I have a table that is partitioned by date on a monthly basis beginning January 1, 2014. There is significantly more rows of data in 2015 than there were in 2014 and the data in 2014 is not accessed frequently, so I am considering merging the rows from 2014 into a single partition. My assumption is that this will improve the query optimizer and help prevent too many partitions from being created over time. The steps I was planning to do that are:

  1. Create a new partition called xyz_2014
  2. Copy the data from 2014 into xyz_2014
  3. Alter table xyz_2014 to inherit from xyz
  4. Alter old tables xyz_2014_01, xyz_2014_02, etc. to not inherit from xyz
  5. Update my INSERT trigger for xyz to reference xyz_2014
  6. Confirm that everything is working correctly
  7. Delete old tables

Is this approach typically how merging tables in Postgres is done?

Best Answer

If you are still inserting data for 2014, then you risk problems with this method, because rows inserted between steps 2 and 5 are going to end up getting dropped rather than moved.

If you are not still inserting data for 2014, then I think you should change step 5 to "rewrite the trigger to throw an error upon insertion of 2014 data" and move it up to be step 0. That would remove the doubt.

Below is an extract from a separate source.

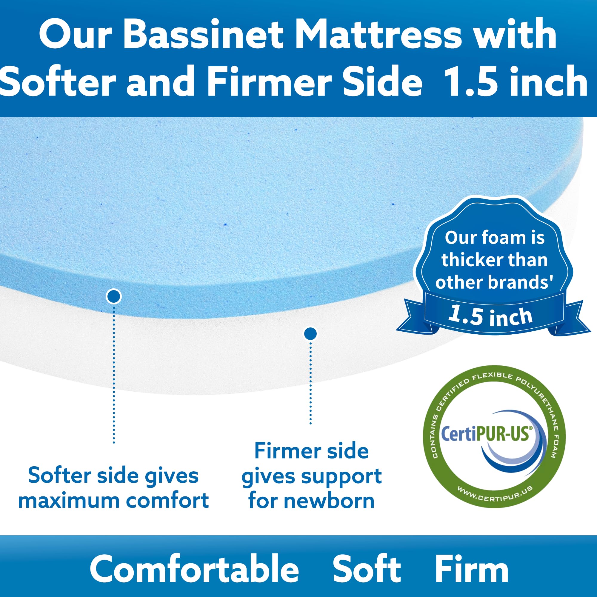 [2-Layer Design] The foam consists of 2 layers that one layer is made of 0.5 inch softer memory foam and the other layer is made of 1 inch high density foam, which provides 2 different degrees of softness side. There's always one side that’s right for baby

But it does seem like you are doing a lot of tinkering. If you want to remove the partitioning for 2014, why would you want to keep it for 2015? Why did you implement partitioning in the first place and why is that reason no longer valid for 2014 (but still valid for 2015)? Getting rid of the partitioning might speed up the queries, but it might not. Reorganizing partitioned tables isn't something you should do on a hunch. Do you have a QA system you can use to time the queries and see if they get faster? And wouldn't you want faster queries for the newer data at least as much as for the older data?